Gluten intolerance in Finland has doubled - The occurrence of gluten intolerance in the Finnish population has doubled in the past twenty years.
In the early 1980s, about one per cent of adults in Finland had gluten intolerance, but the figure has since gone up to two per cent by the 2000s.
"We've already seen a similar trend emerge earlier on where allergies and certain autoimmune disorders are concerned. Screening has shown that gluten intolerance occurs in 1.5 per cent of Finnish children and 2.7 per cent of the elderly. The higher figure for older people is explained by the fact that the condition becomes more frequent with age," says Professor Markku Maki. Maki has set up an internationally acclaimed research team on gluten intolerance, developing screening tests for gluten intolerance. Maki is head of a research project in the Academy of Finland's Research Program on Nutrition, Food and Health (ELVIRA).
According to Maki, gluten intolerance may often be symptom-free, and people may be unaware that they have the condition if their symptoms are mild or atypical. Three out of four people with gluten intolerance have not been diagnosed, which also means that they are as yet going without treatment.
Better diagnosis methods needed
Maki's research team has concluded that the criteria for diagnosing gluten intolerance must be rewritten, since early stages of the condition do not meet the criteria, yet is important to treat. The current criteria for diagnosis focus on damage to the intestinal villi and the small intestine, established in a tissue sample from the small intestine. However, early stages of gluten intolerance are not identifiable from tissue samples.
People may suffer from gluten intolerance, yet have no intestinal symptoms. They may, however, have symptoms unrelated to the intestinal tract. Serious problems with nutrient absorption have become rare; instead, sufferers generally have anaemia due to iron deficiency or folic acid deficiency as their main symptom. If researchers manage to develop sensitive, accurate antibody tests, it will become possible to identify people with early stages of gluten intolerance, who are in need of further treatment. At present, there is no single test to reliably identify early stages of gluten intolerance.
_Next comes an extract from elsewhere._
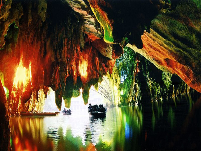 第一层水洞可通船890米,游客划船进洞,只见水洞蜿蜒曲折,岩壁如击案欲倒的狂澜,在即倒而未倒时凝面成形,充满着瞬间之永恒的动静效果,而铺陈成列的岩溶,有形态各异的石柱、石钟乳、石笋等。
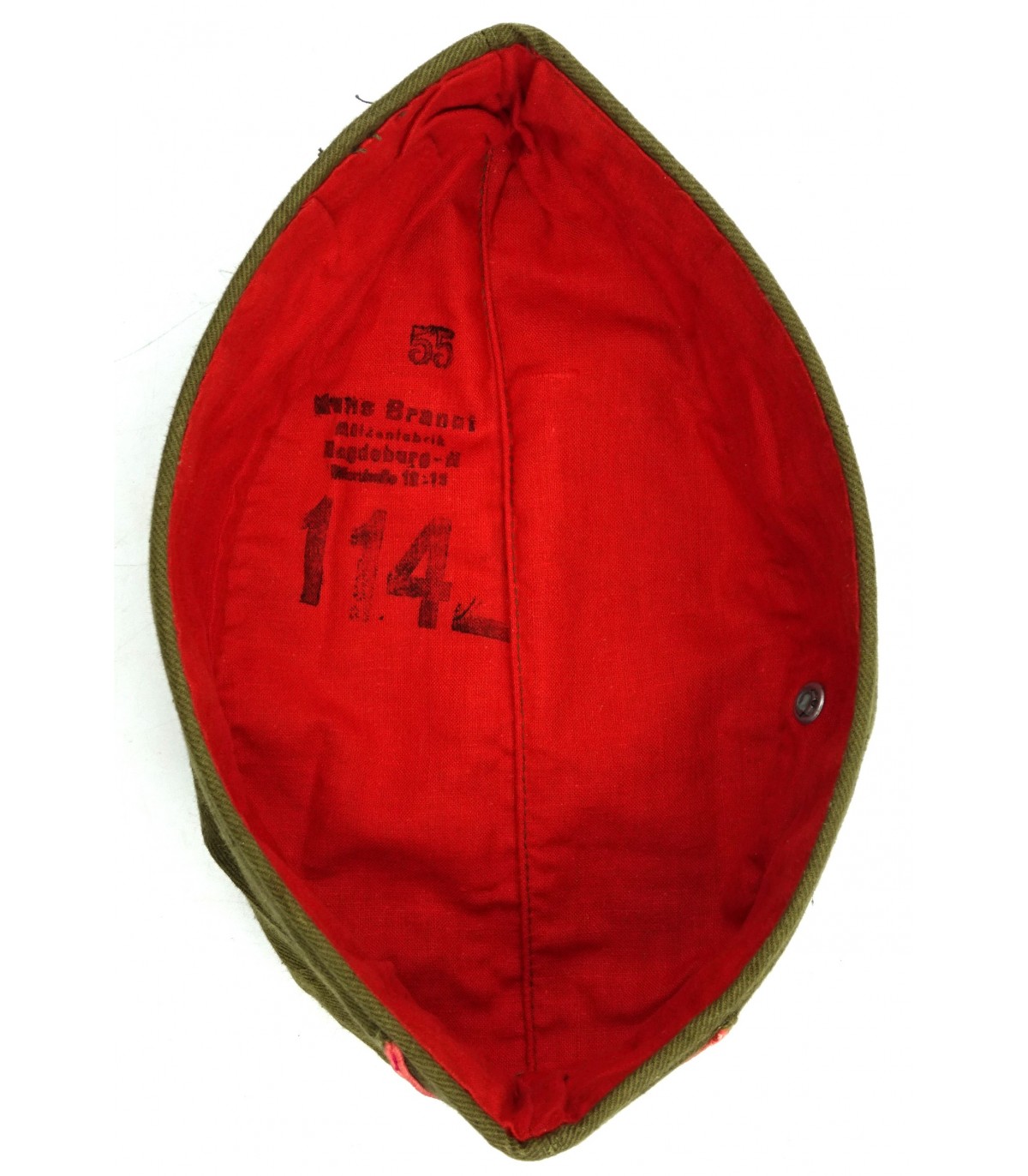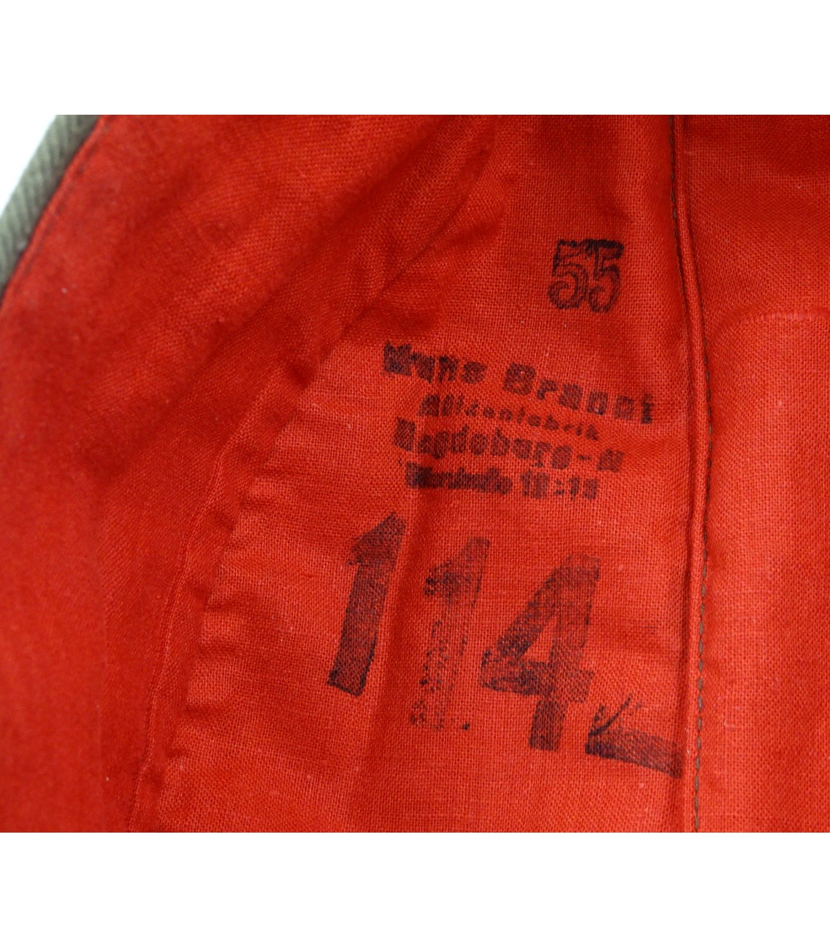 Verde oliva, fodera rossa, marchi del fabbricante, taglia 55. Alette di ventilazione in zinco verniciato. Aquila e tondo intrecciati Bevo, abbottonatura dell'armatura rosa. Insegne e soutache cucite a macchina. Condizioni di magazzino. Proveniente da un lotto rinvenuto in Austria negli anni 70-80. OTTIME CONDIZIONI.

Sufferers are hoping for a diagnosis method that does not involve endoscopy. Researchers are hard at work, looking for new and better markers for gluten intolerance to allow for easier diagnosis of the condition.
Patients are also hoping for an 'anti-gluten pill'. Maki says that some form of pill with enzymes that break down gluten may prove feasible in the future.
2/ Virus infections may be contributing factor in onset of gluten intolerance
Recent research findings indicate a possible connection between virus infections, the immune system and the onset of gluten intolerance, also known as Celiac disease. A research project in the Academy of Finland's Research Program on Nutrition, Food and Health (ELVIRA) has brought new knowledge on the hereditary nature of gluten intolerance and identified genes that carry a higher risk of developing the condition. Research has shown that the genes in question are closely linked with the human immune system and the occurrence of inflammations, rather than being connected with the actual breakdown of gluten in the digestive tract.
"Some of the genes we have identified are linked with human immune defense against viruses. This may indicate that virus infections may be connected in some way with the onset of gluten intolerance," says Academy Research Fellow Paivi Saavalainen, who has conducted research into the hereditary risk factors for gluten intolerance.
Saavalainen explains that the genes that predispose people to gluten intolerance are very widespread in the population and, as a result, they are only a minor part of the explanation for the way in which gluten intolerance is inherited. However, the knowledge of the genes behind gluten intolerance is valuable in itself, as it helps researchers explore the reasons behind gluten intolerance, which in turn builds potential for developing new treatments and preventive methods. This is essential, because the condition is often relatively symptom-free, yet it can have serious complications unless treated.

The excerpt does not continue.